NanoTemper Technologies GmbH, Munich, Germany.
Institute of Neuroimmunology, Slovak Academy of Sciences, Bratislava, Slovakia.
Assay Drug Dev Technol. 2022 Feb-Mar;20(2):83-94. doi: 10.1089/adt.2021.133. Epub 2022 Feb 15.
There are many fluorescence-based applications that can be used to characterize molecular interactions. However, available methods often depend on site-specific labeling techniques or binding-induced changes in conformation or size of the probed target molecule. To overcome these limitations, we applied a ratiometric dual-emission approach that quantifies ligand-induced spectral shifts with sub-nanometer sensitivity. The use of environment-sensitive near-infrared dyes with the method we describe enables affinity measurements and thermodynamic characterization without the explicit need for site-specific labeling or ligand-induced conformational changes. We demonstrate that in-solution spectral shift measurements enable precise characterization of molecular interactions for a variety of biomolecules, including proteins, antibodies, and nucleic acids.
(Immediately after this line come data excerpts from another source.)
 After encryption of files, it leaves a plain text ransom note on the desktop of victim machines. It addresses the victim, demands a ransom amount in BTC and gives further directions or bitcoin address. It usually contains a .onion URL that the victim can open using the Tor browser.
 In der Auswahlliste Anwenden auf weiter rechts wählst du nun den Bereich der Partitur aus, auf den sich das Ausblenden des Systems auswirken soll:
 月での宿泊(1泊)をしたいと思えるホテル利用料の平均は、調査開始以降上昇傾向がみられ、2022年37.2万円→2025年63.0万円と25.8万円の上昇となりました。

Thereby, the described method is not limited to a subset of molecules since even the most challenging samples of research and drug discovery projects like membrane proteins and intrinsically disordered proteins can be analyzed.
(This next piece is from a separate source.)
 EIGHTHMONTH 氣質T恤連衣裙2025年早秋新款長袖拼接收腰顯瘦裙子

有许多基于荧光的应用可以用于表征分子相互作用。然而,现有的方法通常依赖于特定于位点的标记技术或结合诱导的被探测靶分子的构象或大小变化。为了克服这些限制,我们应用了一种比率双发射方法,该方法以亚纳米灵敏度定量配体诱导的光谱位移。该方法使用环境敏感的近红外染料,使得无需进行特定于位点的标记或配体诱导的构象变化,即可进行亲和力测量和热力学表征。我们证明,溶液中光谱位移测量能够精确地表征各种生物分子(包括蛋白质、抗体和核酸)的分子相互作用。因此,所描述的方法不受分子子集的限制,因为即使是膜蛋白和固有无序蛋白等研究和药物发现项目中最具挑战性的样本也可以进行分析。